▸ Task instructions: Transcribe exactly the lines from the one containing "Arbe的性能Arbe的4D" through the end of the data, both included. Leave out pictures.

▸ The data:
════════

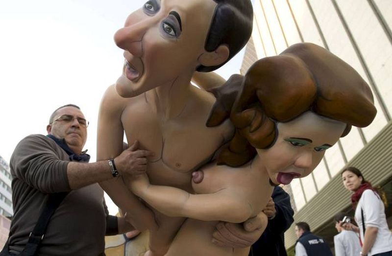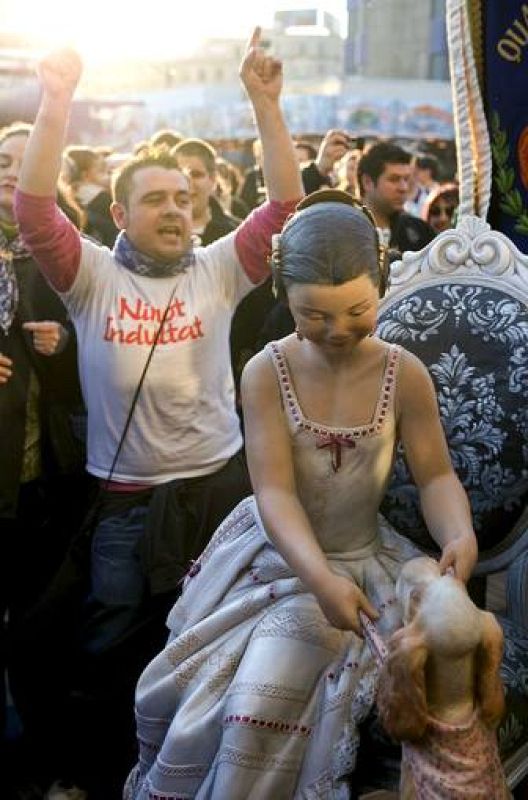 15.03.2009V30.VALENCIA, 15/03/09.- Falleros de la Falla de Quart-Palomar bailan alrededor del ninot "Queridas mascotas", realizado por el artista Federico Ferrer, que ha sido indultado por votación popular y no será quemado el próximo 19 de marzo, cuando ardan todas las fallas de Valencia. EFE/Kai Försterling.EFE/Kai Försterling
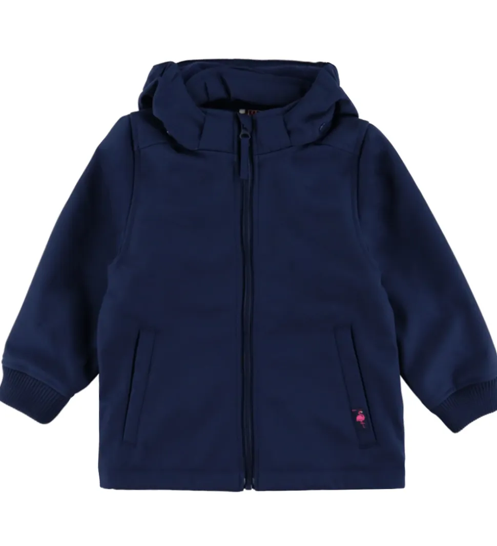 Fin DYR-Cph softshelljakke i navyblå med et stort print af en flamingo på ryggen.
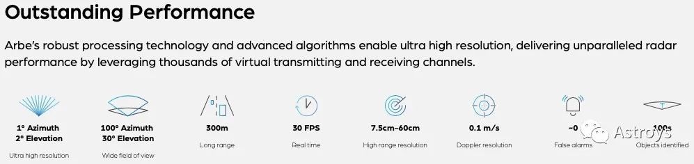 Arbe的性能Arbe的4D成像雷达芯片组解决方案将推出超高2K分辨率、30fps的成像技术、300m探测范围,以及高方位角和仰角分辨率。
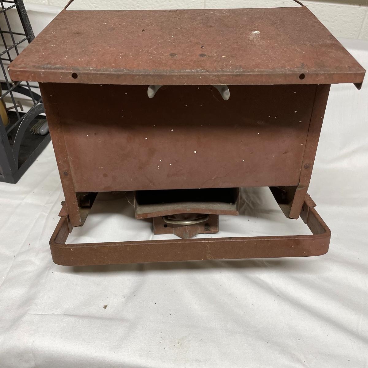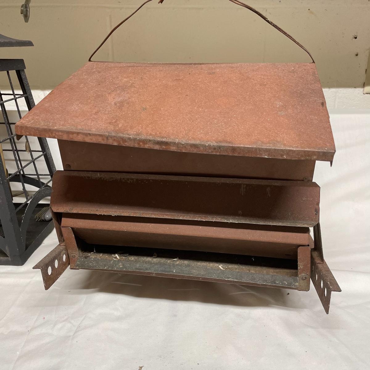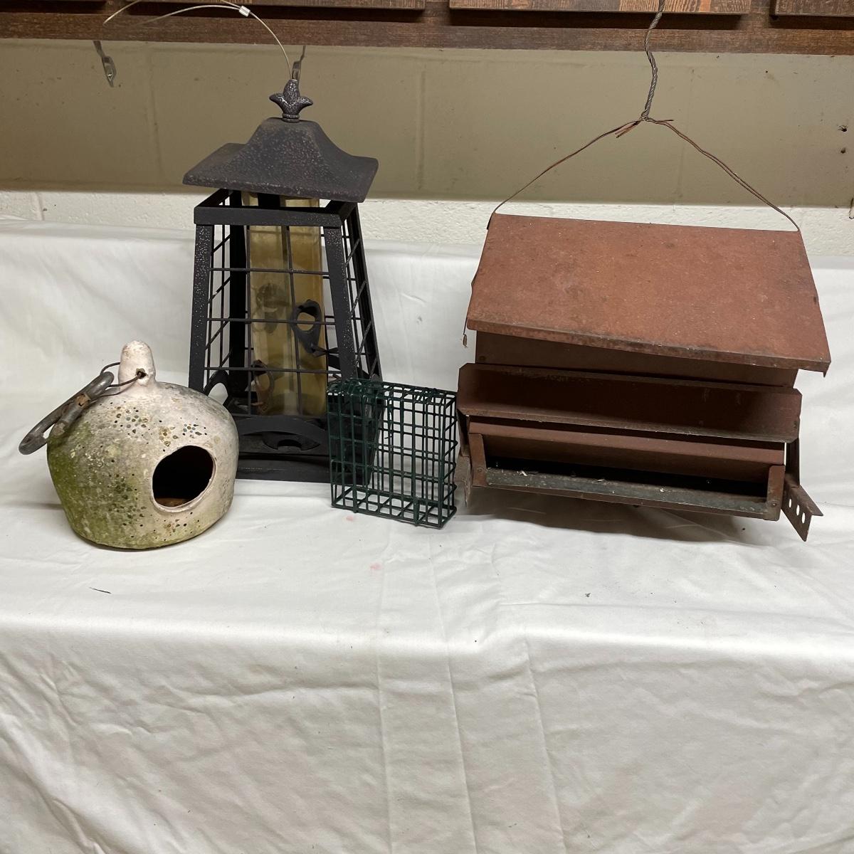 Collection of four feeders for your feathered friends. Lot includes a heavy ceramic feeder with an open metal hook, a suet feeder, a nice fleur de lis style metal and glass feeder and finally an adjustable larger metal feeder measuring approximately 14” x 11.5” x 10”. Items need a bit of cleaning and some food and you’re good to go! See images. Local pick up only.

════════

▸ Exercise solution:
 Arbe的性能Arbe的4D成像雷达芯片组解决方案将推出超高2K分辨率、30fps的成像技术、300m探测范围,以及高方位角和仰角分辨率。
 Collection of four feeders for your feathered friends. Lot includes a heavy ceramic feeder with an open metal hook, a suet feeder, a nice fleur de lis style metal and glass feeder and finally an adjustable larger metal feeder measuring approximately 14” x 11.5” x 10”. Items need a bit of cleaning and some food and you’re good to go! See images. Local pick up only.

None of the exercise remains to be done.